The #carbonbattlebus has started a UK wide tour to enable organisations to make zero carbon pledges as part of the UN-backed #RacetoZero campaign and in line with government targets for net zero, helping them at least halve emissions by 2030.

Organisers of the #ZeroCarbonTour, Planet Mark, successfully travelled from London to the Eden Project, a distance of 263 miles with one recharge, in the electrically powered Yutong coach. However, in order to make the return leg through the South West of England the coach needs a recharge. With only 60 to 70 miles left, in its 200 mile maximum range, there are no serviceable chargers in the network on the route, leaving the Carbon Battle Bus stranded, beached even.

Steve Malkin, founder and CEO of the Planet Mark, said: “The Carbon Battle Bus has the range and capability to easily make this journey, but the poor state of the UK charging infrastructure means that we only found one charger serviceable on our route from London to Cornwall. When Boris Johnson addressed the G7 today, he called on leaders of the advanced economies to “make bigger commitments on… low carbon vehicles…”. To do this he must help bring together central and local government with businesses to connect policy, investment and roll out of zero carbon technologies, like EV charging, and nature-based solutions.”

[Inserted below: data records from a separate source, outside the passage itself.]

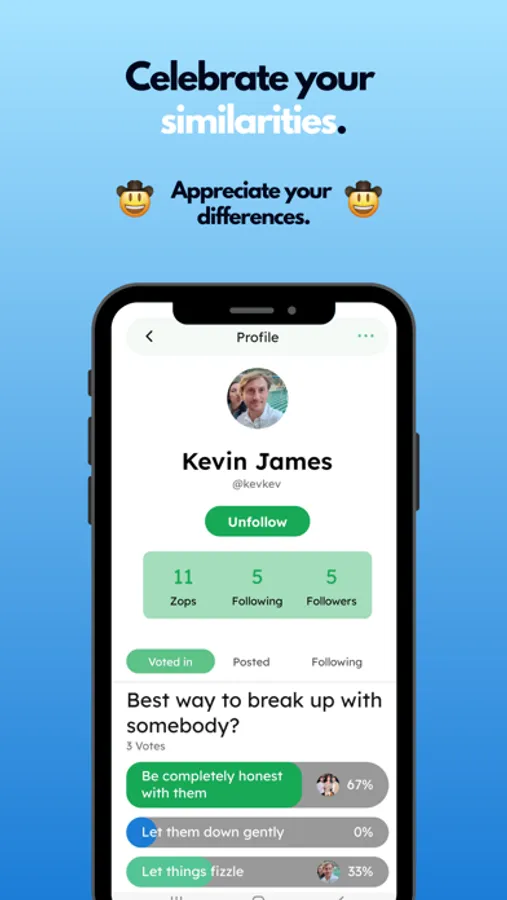 With Zoplo, you can post and vote in polls on any topic, ranging from pop culture and current events to hypothetical situations and would you rather questions. Scroll through the personalised poll feed, voting in polls, understanding the world, one vote at a time. Follow friends and influencers to see how similar you really are. Stay up to date with the hottest topics by voting in the top polls on the Zoplo leaderboard. Or climb the leaderboard yourself by posting a thought-provoking poll.
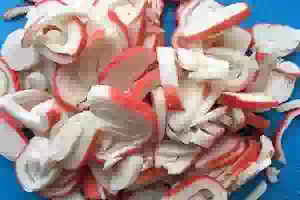 4. Сделать тонкую нарезку из крабовых палочек, а затем потеребить получившиеся кружочки пальцами - получатся колечки разного размера.
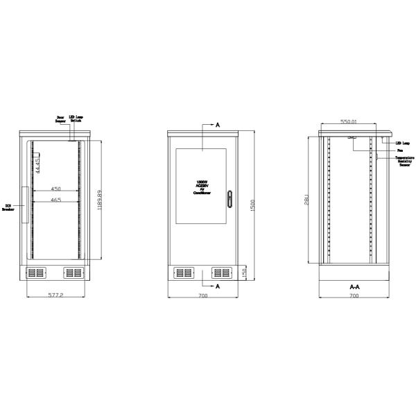 | 1 | Outdoor Cabinet | (1) External Dimension: W×D×H 700×700×1500m (4) Material: galvanized steel, double wall with heat insulation (5) IP grade: IP55 (6) Outdoor anti-corrosion powder coating (7) Including grounding bar (8) Installation method: floor mount | 1 | SET |

The Tour team successfully recharged with an Ionity charger using ABB equipment at Cullompton, Devon. However, despite visiting nine other charging sites provided by Ionity, Ecotricity (who this week sold the Electric Highway to Gridserve to upgrade and scale infrastructure), BP Pulse ChargeMaster, Shell New Motion and Genie, none were able to recharge the Battle Bus, despite the information on Zapp Map indicating that the most popular plug type (CCS: Combined Charging System) should have. 

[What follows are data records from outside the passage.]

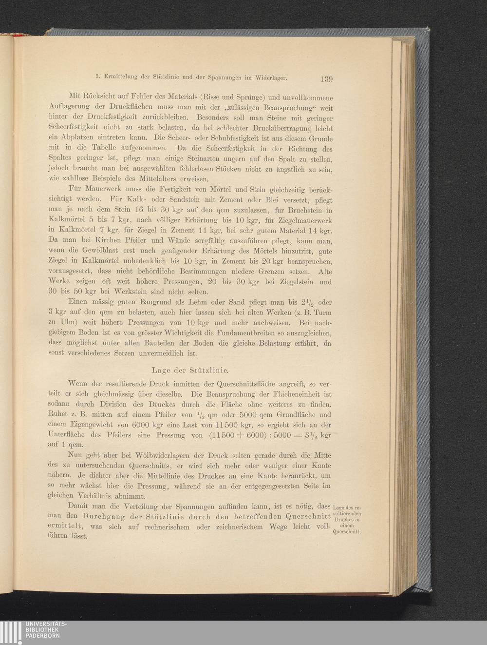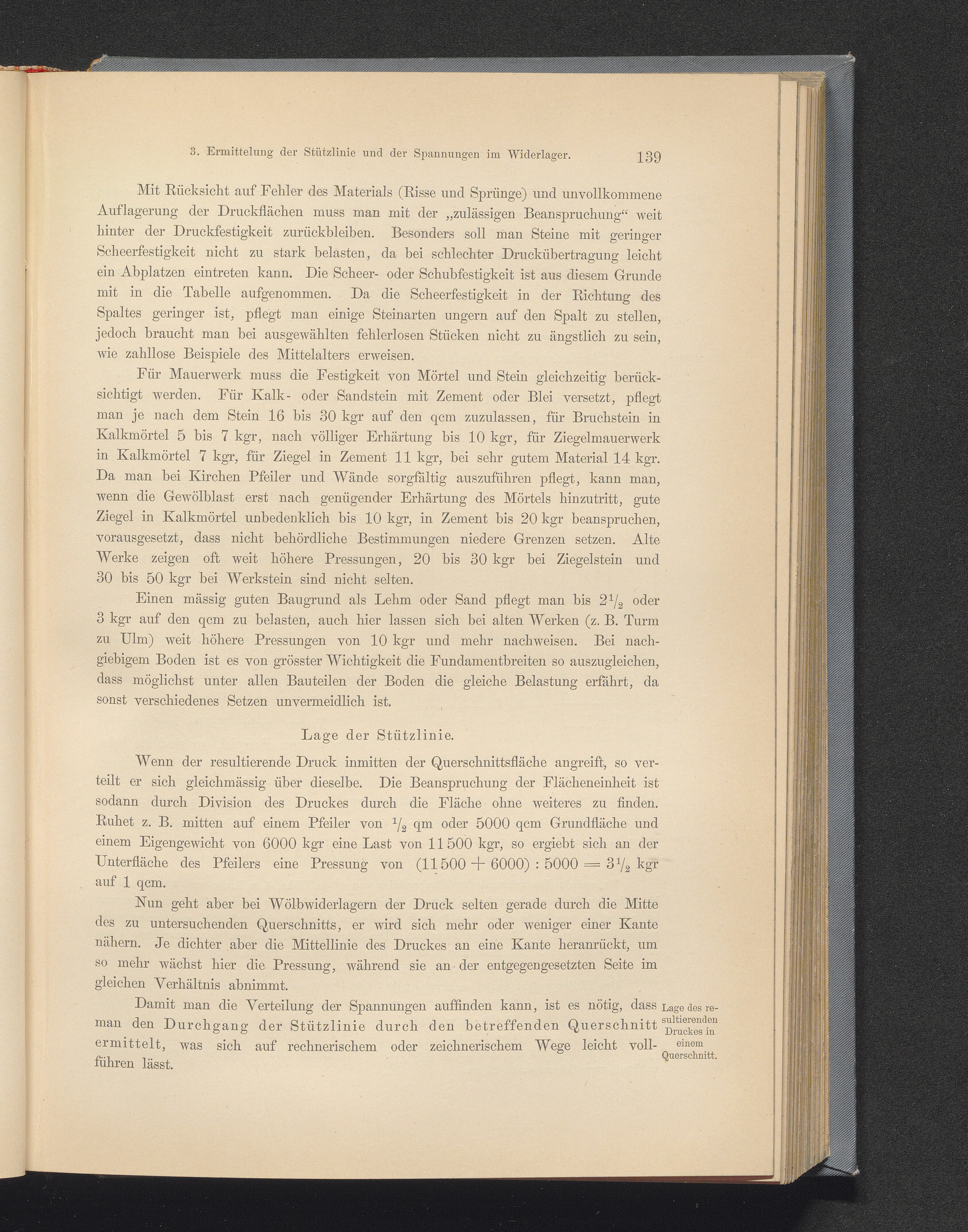 3. Ermittelung der Stützlinie und der Spannungen im Widerlager
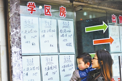 3月18日,上海,一位家长带着孩子在中介门口看学区房房源。
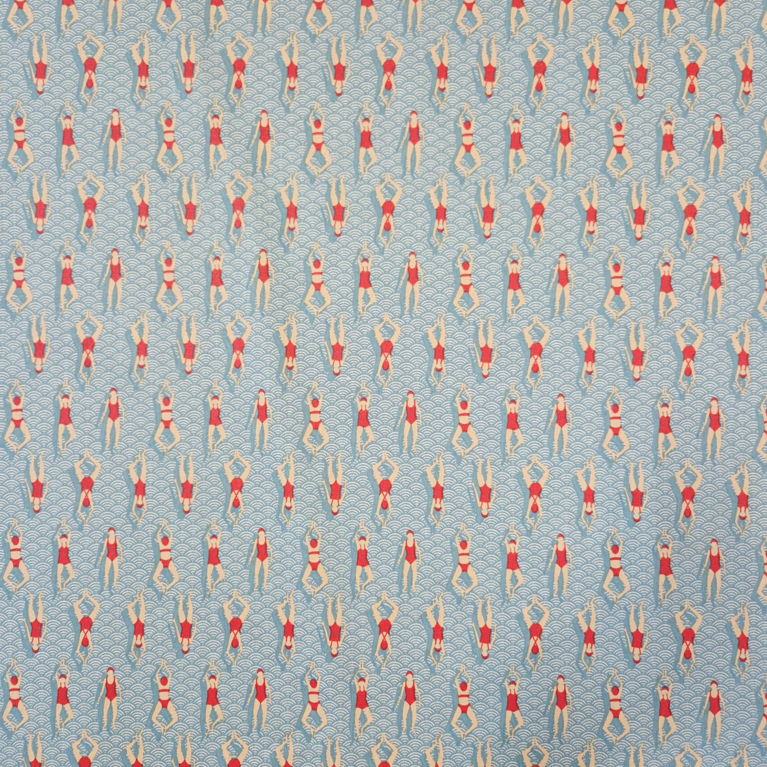 Der Preis bezieht sich auf 1/2 Laufmeter (0,5 m Länge x 1,56 m Breite) beschichteten Baumwollstoff, einseitig bedruckt mitmit Schwimmerinnen in roten Badeanzügen in türkisfarbenen Wellen.
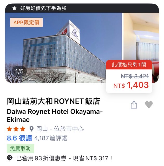 推 likeilike : 請問APA岡山站前和AreaOne 有推嗎? 08/15 08:30
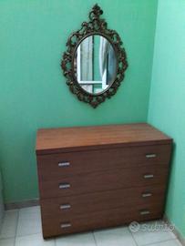 letto singolo con sponde in legno e rete in legno a doghe larghe, comò ( di colore ciliegio ) a quattro cassetti, specchio " antico " in legno.Compreso nel prezzo, una radio sveglia Philips, una lampada Bajur, un tappeto Di piccole dimensioni ed una stufa elettrica.
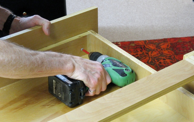 The construction of the drawers automatically kept them square, so it mostly was a matter of screwing everything together. Any glue squeeze-out was just wiped off the varnished surface with a damp cloth.
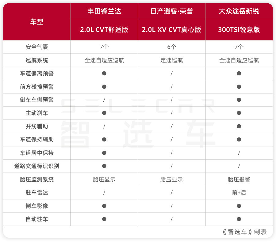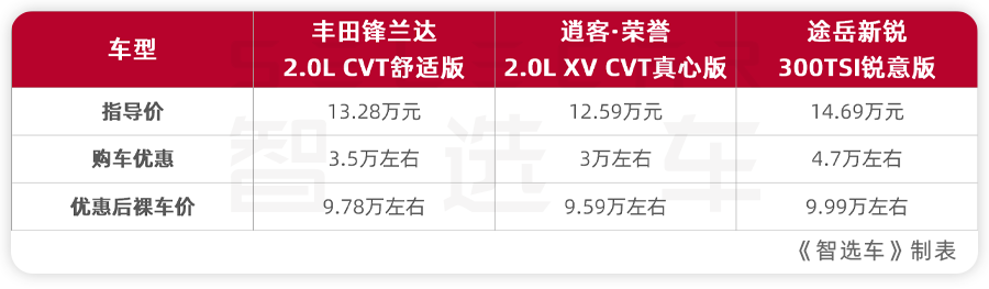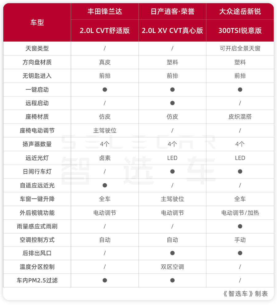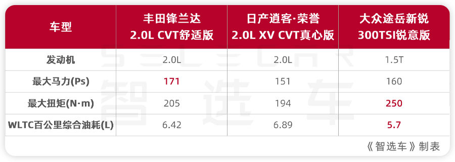 今天我们就拿2026款锋兰达2.0L CVT舒适版、2025款逍客·荣誉2.0L XV CVT真心版和2026款途岳新锐300TSI锐意版,从大家关心的价格、空间、动力、配置等方面,聊聊这三款车应该怎么选?

“We are on the road to show that zero carbon is immediately possible for every community and organisation in the UK and beyond. We have identified an immediate issue in that only one in 10 charging points charges our coach, and met many EV owners at each stop with the same frustrations.  Working together we will find the solutions and continue our journey solving other issues and showing what great work is taking place.

Our route from Eden to COP26 in Glasgow is an opportunity for us to be the champion of the consumer and help to solve the issues that stand in the way of a zero carbon transition and to buy EVs with confidence.” Steve Malkin said.